### [Requirement]
Your response to the data below should hold nothing except the lines from the one containing "Mesa camilla redonda." down to the one containing "Vendo tavolo con", reproduced exactly and without pictures.

### [Stored data]
★ ★ ★ ★ ★ ★ ★

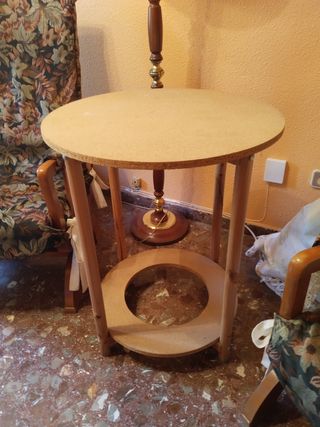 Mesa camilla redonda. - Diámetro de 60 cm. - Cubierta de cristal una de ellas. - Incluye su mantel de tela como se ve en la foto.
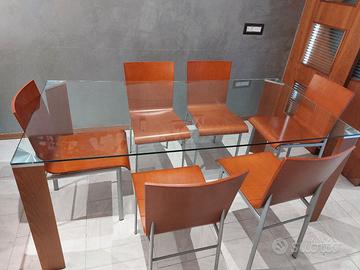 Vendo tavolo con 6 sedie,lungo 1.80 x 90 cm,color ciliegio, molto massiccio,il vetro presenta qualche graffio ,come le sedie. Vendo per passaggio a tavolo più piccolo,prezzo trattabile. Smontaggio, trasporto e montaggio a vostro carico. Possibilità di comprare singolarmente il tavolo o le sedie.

★ ★ ★ ★ ★ ★ ★

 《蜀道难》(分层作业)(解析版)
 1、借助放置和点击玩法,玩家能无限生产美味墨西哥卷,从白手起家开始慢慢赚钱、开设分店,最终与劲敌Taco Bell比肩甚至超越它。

★ ★ ★ ★ ★ ★ ★

### [Solution for this task]
 Mesa camilla redonda. - Diámetro de 60 cm. - Cubierta de cristal una de ellas. - Incluye su mantel de tela como se ve en la foto.
 Vendo tavolo con 6 sedie,lungo 1.80 x 90 cm,color ciliegio, molto massiccio,il vetro presenta qualche graffio ,come le sedie. Vendo per passaggio a tavolo più piccolo,prezzo trattabile. Smontaggio, trasporto e montaggio a vostro carico. Possibilità di comprare singolarmente il tavolo o le sedie.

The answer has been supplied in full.